Hu Jing, Fan Chuang, Wang Zhoupu, Ruan Jinglin, Wu Suyin
School of Mathematics and Computer Science, Wuhan Polytechnic University, Wuhan 430024, China.
Sensors (Basel). 2023 Jun 25;23(13):5903. doi: 10.3390/s23135903.
With the increasing popularity of online fruit sales, accurately predicting fruit yields has become crucial for optimizing logistics and storage strategies. However, existing manual vision-based systems and sensor methods have proven inadequate for solving the complex problem of fruit yield counting, as they struggle with issues such as crop overlap and variable lighting conditions.
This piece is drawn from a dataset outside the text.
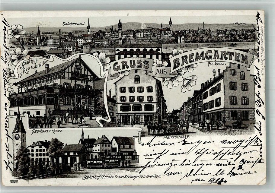 Bremgarten AG, Gasthaus Reussbrücke Gasthaus z, Kreuz Postamt Lithographie

Recently CNN-based object detection models have emerged as a promising solution in the field of computer vision, but their effectiveness is limited in agricultural scenarios due to challenges such as occlusion and dissimilarity among the same fruits. To address this issue, we propose a novel variant model that combines the self-attentive mechanism of Vision Transform, a non-CNN network architecture, with Yolov7, a state-of-the-art object detection model. Our model utilizes two attention mechanisms, CBAM and CA, and is trained and tested on a dataset of apple images. In order to enable fruit counting across video frames in complex environments, we incorporate two multi-objective tracking methods based on Kalman filtering and motion trajectory prediction, namely SORT, and Cascade-SORT. Our results show that the Yolov7-CA model achieved a 91.3% mAP and 0.85 F1 score, representing a 4% improvement in mAP and 0.02 improvement in F1 score compared to using Yolov7 alone. Furthermore, three multi-object tracking methods demonstrated a significant improvement in MAE for inter-frame counting across all three test videos, with an 0.642 improvement over using yolov7 alone achieved using our multi-object tracking method. These findings suggest that our proposed model has the potential to improve fruit yield assessment methods and could have implications for decision-making in the fruit industry.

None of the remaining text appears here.